▶ **Provided material**:
....
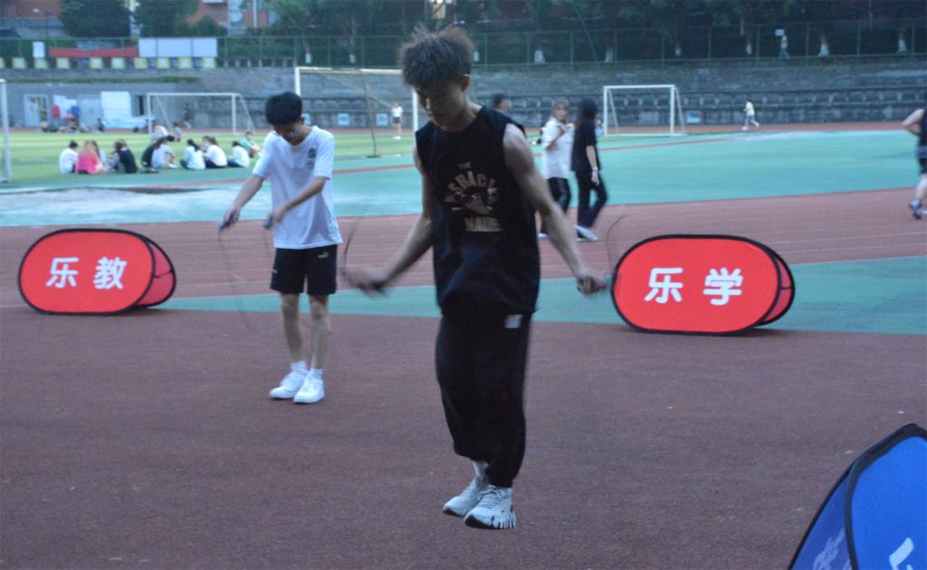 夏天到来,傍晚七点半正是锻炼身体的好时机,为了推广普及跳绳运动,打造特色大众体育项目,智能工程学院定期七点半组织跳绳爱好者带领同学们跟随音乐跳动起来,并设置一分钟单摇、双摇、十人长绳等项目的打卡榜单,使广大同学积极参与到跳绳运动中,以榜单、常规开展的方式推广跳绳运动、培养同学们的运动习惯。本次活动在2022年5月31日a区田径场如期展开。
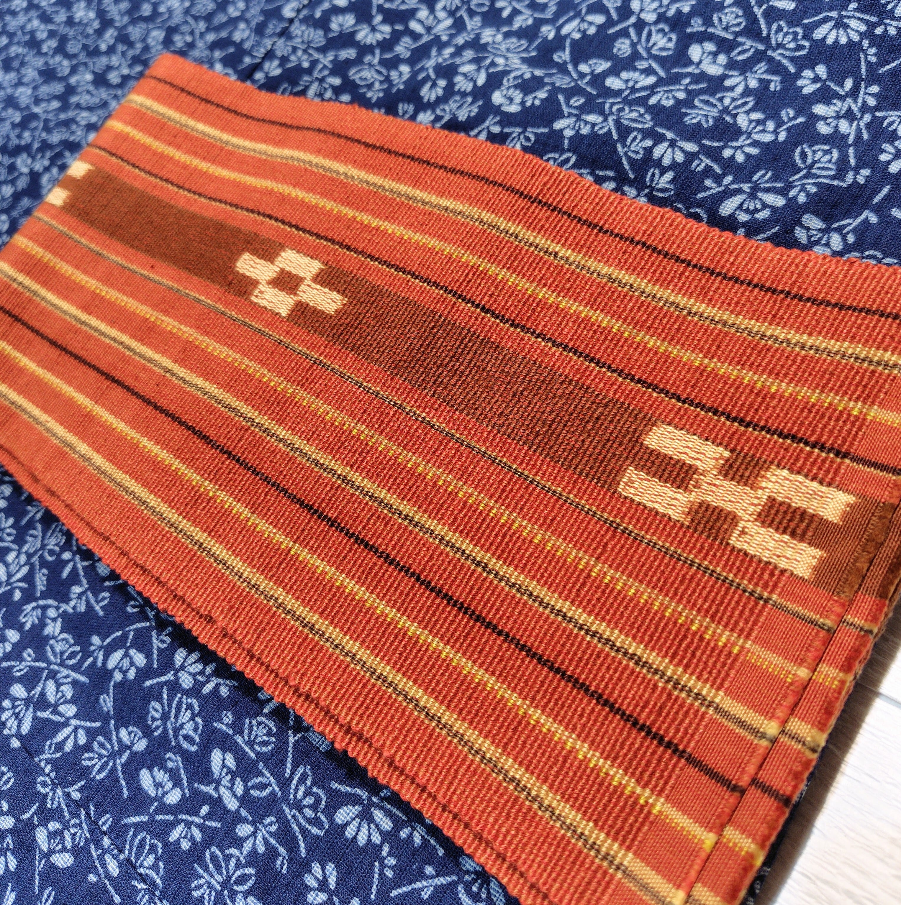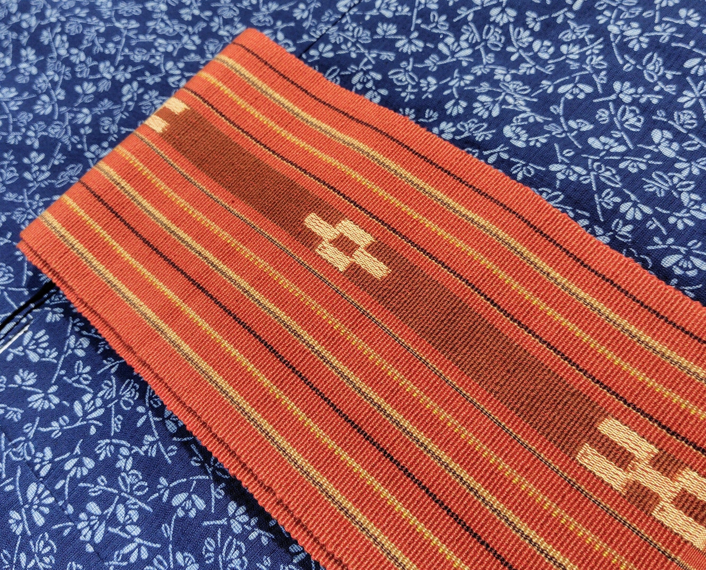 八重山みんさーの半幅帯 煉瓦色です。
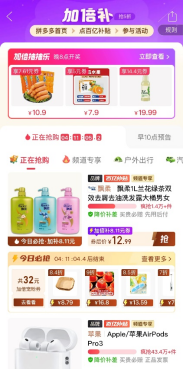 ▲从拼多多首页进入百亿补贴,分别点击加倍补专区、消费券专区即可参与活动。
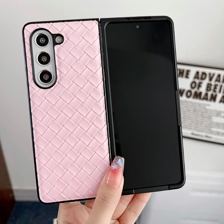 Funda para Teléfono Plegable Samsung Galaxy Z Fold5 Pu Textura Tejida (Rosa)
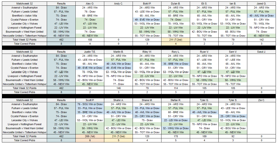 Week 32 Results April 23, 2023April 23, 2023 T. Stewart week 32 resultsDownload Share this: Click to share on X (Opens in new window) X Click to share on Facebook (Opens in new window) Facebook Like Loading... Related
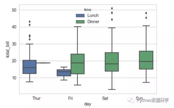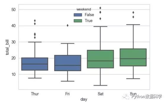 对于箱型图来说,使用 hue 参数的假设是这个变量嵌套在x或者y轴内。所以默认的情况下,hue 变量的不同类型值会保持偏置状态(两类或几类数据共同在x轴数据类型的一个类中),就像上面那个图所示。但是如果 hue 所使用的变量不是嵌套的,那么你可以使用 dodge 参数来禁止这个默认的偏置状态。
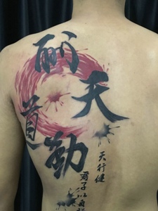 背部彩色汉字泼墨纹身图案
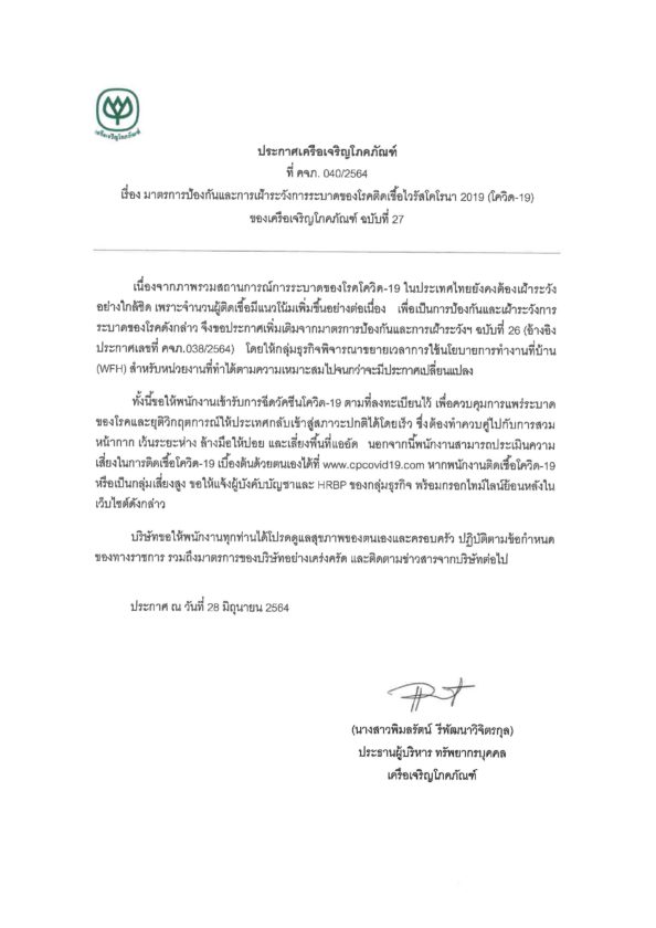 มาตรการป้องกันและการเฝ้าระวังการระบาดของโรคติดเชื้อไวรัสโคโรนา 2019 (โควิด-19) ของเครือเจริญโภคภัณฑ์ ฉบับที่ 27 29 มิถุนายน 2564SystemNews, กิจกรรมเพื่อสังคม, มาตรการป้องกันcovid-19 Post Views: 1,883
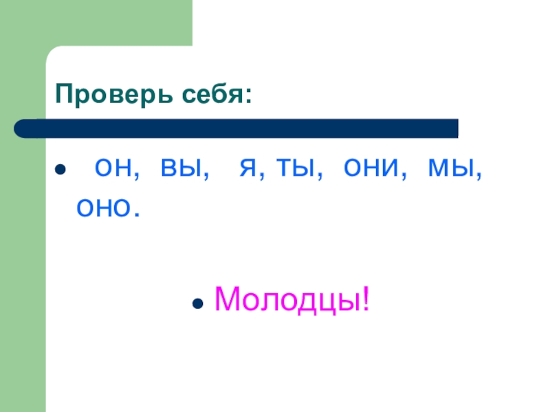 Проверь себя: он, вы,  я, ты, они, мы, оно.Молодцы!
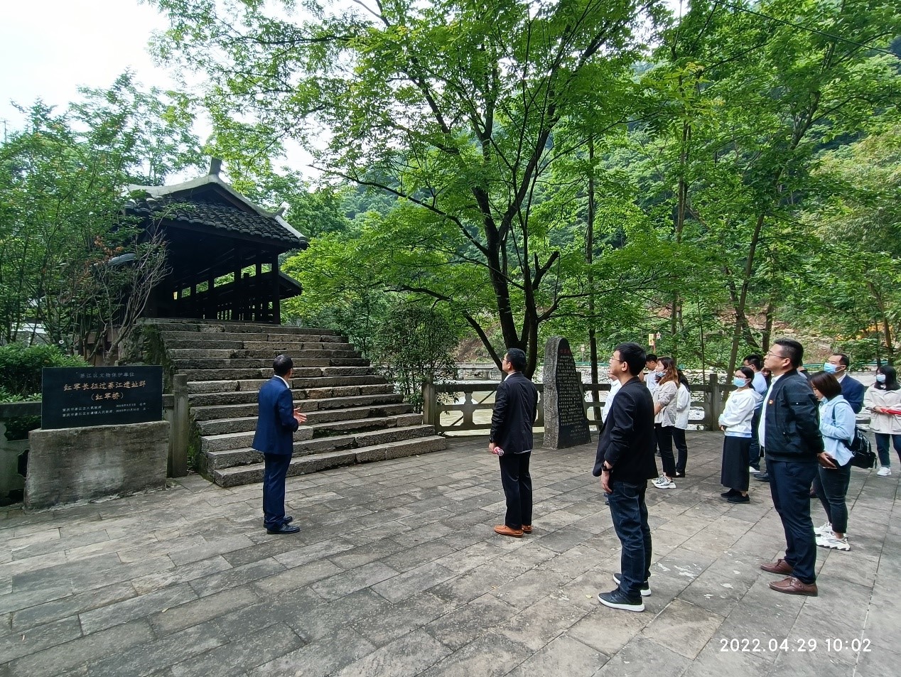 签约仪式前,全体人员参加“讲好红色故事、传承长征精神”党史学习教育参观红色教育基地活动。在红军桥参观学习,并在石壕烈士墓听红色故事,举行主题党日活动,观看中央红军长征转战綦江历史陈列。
....
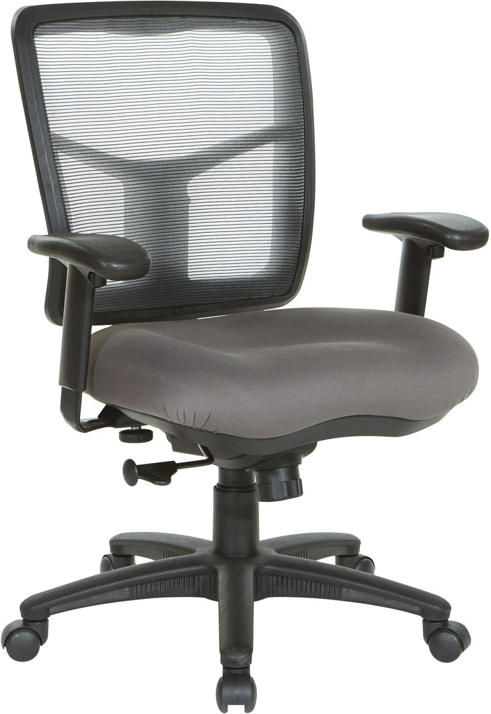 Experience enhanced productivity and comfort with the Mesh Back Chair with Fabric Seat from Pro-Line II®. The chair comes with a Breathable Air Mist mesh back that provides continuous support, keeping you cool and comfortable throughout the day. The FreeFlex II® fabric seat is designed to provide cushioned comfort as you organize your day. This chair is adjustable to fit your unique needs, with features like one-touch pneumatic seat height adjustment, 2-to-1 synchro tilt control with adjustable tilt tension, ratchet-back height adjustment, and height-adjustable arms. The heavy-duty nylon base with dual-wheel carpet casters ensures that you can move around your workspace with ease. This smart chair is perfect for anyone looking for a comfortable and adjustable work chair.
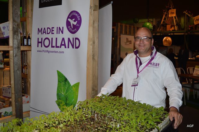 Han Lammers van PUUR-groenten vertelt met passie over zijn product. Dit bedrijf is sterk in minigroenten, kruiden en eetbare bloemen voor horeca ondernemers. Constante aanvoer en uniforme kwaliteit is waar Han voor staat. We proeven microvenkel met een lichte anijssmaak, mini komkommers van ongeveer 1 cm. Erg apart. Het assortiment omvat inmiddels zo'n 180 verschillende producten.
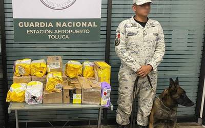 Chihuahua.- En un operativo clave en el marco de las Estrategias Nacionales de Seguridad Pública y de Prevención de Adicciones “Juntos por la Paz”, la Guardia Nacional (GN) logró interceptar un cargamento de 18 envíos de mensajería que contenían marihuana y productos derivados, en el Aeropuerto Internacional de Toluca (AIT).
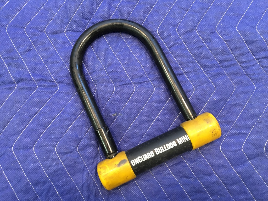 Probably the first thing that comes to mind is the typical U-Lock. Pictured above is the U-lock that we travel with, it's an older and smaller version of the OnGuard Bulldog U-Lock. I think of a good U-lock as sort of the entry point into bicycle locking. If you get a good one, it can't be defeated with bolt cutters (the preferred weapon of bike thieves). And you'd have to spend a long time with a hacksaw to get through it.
....
Above is the material; set down exactly its lines from the one containing "夏天到来,傍晚七点半正是锻炼" down to the one containing "Funda para Teléfono", both included, leaving out any pictures.

▶ **Answer to this task**:
 夏天到来,傍晚七点半正是锻炼身体的好时机,为了推广普及跳绳运动,打造特色大众体育项目,智能工程学院定期七点半组织跳绳爱好者带领同学们跟随音乐跳动起来,并设置一分钟单摇、双摇、十人长绳等项目的打卡榜单,使广大同学积极参与到跳绳运动中,以榜单、常规开展的方式推广跳绳运动、培养同学们的运动习惯。本次活动在2022年5月31日a区田径场如期展开。
 八重山みんさーの半幅帯 煉瓦色です。
 ▲从拼多多首页进入百亿补贴,分别点击加倍补专区、消费券专区即可参与活动。
 Funda para Teléfono Plegable Samsung Galaxy Z Fold5 Pu Textura Tejida (Rosa)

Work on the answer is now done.